I’ll be honest: I’m very, very eager to move to the next stage of my publishing career.
I’m fortunate and grateful to be where I am now, working with my incredible agent on stories I love, but there’s so much about the next step that I’m waiting and hoping for. Announcing a book deal, taking and sharing author photos, requesting author blurbs, chiming in on book cover ideas, planning a street team and pre-order goodies, organizing a launch party, working with bookish content creators, daydreaming of stops on a tour, having my book in readers’ hands…
I could go on and on about those dreams.
Granted, I don’t know if I’d be able to do all of these things (honestly, I have no clue how book tours work), but often in my head, being at the next step in my career feels like the most magical thing I could ever dream of. I see authors posting these amazing stories on social media, or debuts starting out and posting how excited they are, and think, gosh, I want my time to come.
While these feelings are valid, and some days I’ll just let myself feel them, I also remind myself that social media is the tiniest bit of reality. Probably 80-90% of the time, my writing journey looks extremely similar to theirs, and that boils down to one word: quiet.
Writing in general is often a quiet thing. It’s sitting at your desk, or the couch, or your bed, and silently putting words to paper. It’s coming up with ideas while sitting in a coffee shop. It’s brainstorming new stories or working through plot holes. It’s revising, and revising, and revising, and revising. It’s editing on your lunch break in between bites of a PB&J. It’s jumping on a video chat with writer friends because you’re stuck and think this story is going nowhere. It’s line editing until you’ve read the word ‘just’ and ‘glance’ so many times they’ve blurred together.
It is quiet and lovely, and as far as I know, that process doesn’t change much once you get a book deal. Not after you debut your first novel, then your next, and the next. Sure, you have other things that become part of your career at that point, but the writing itself doesn’t really change.

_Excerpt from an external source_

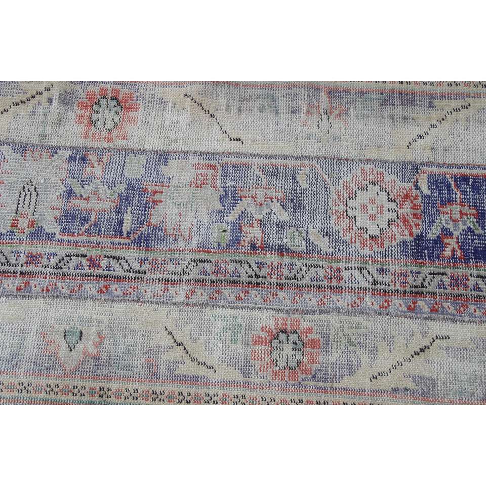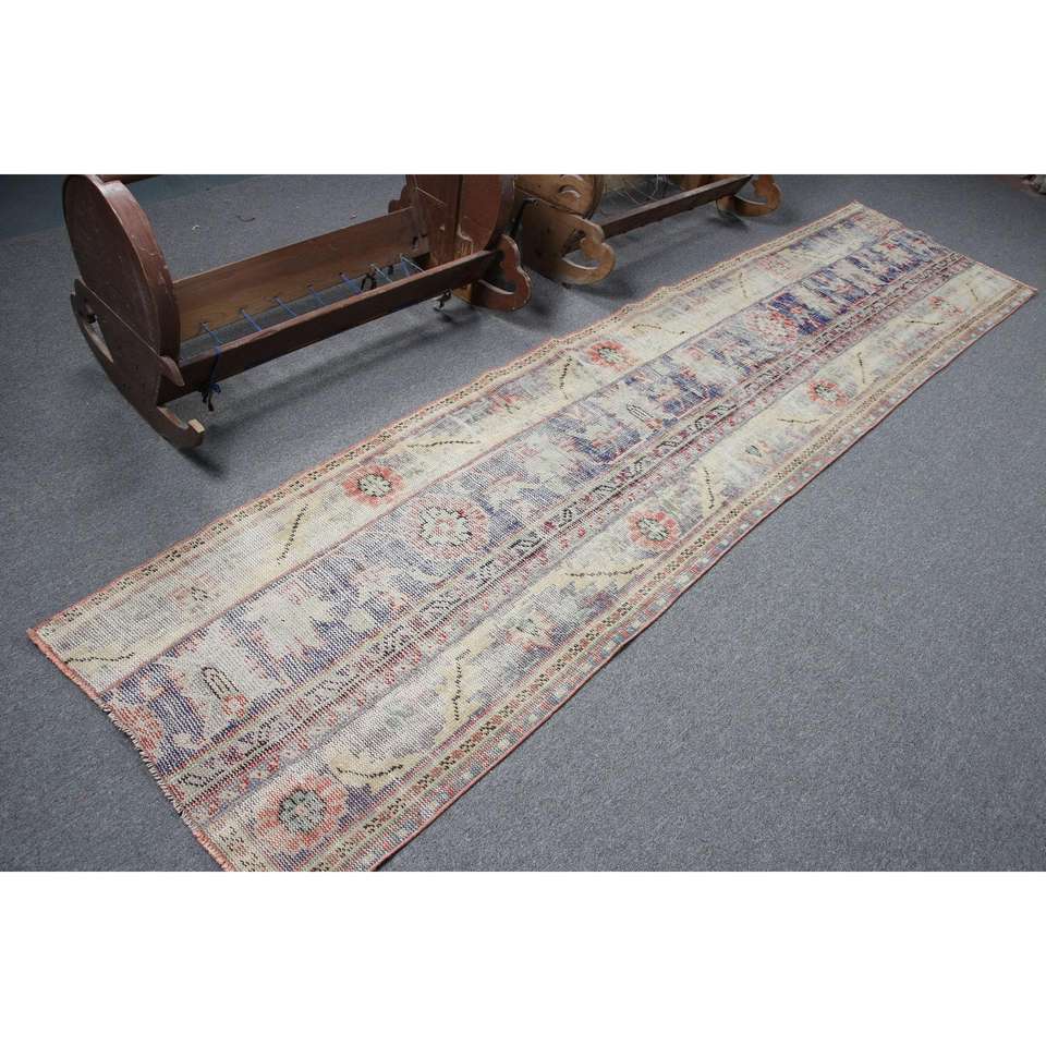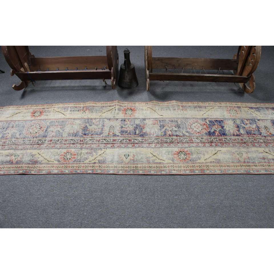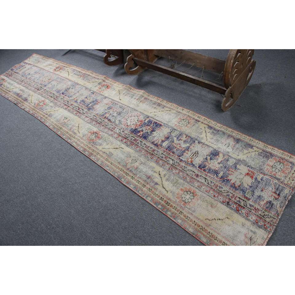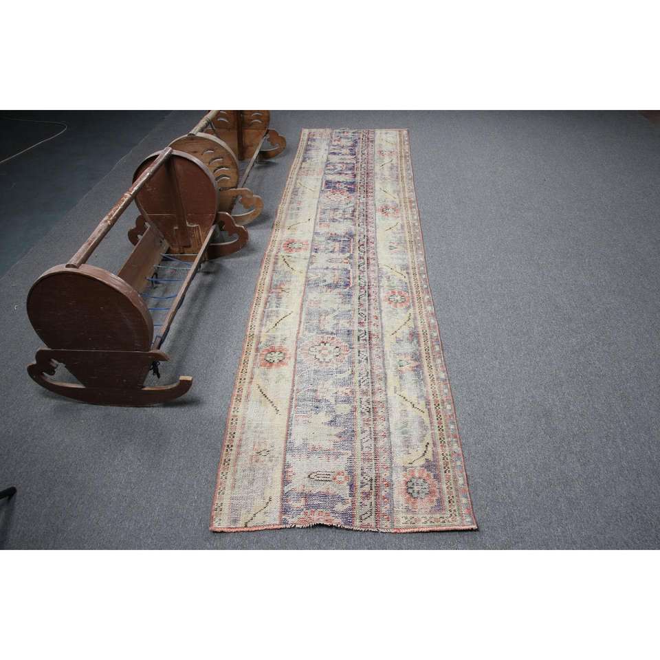 พรมวินเทจ, พรมแบบยาวขนาด 2.5x10.7 ฟุต พรมตุรกี, พรมขนสัตว์สีน้ำเงินสไตล์ตะวันตกเฉียงใต้

Writing is gentle. I spend so much time with my characters, silently tinkering with them, as the candles burn low and my cats snooze at my feet. I jot down ideas in the notebook I keep in my purse at all times, because you never know when something might strike. And I’m reminded that this is magic all on its own. I write because I love writing itself, and yes, I want to get to the next step…but this is magical too. This quiet, personal little thing that for a long time belongs to just me.
So yes, I’m still a dreamer, and I’m still eager to get to the next phase. But if you’re like me, I hope you’ll take a moment to remember why we do this, and to befriend the quiet, because it’s often our most loyal companion.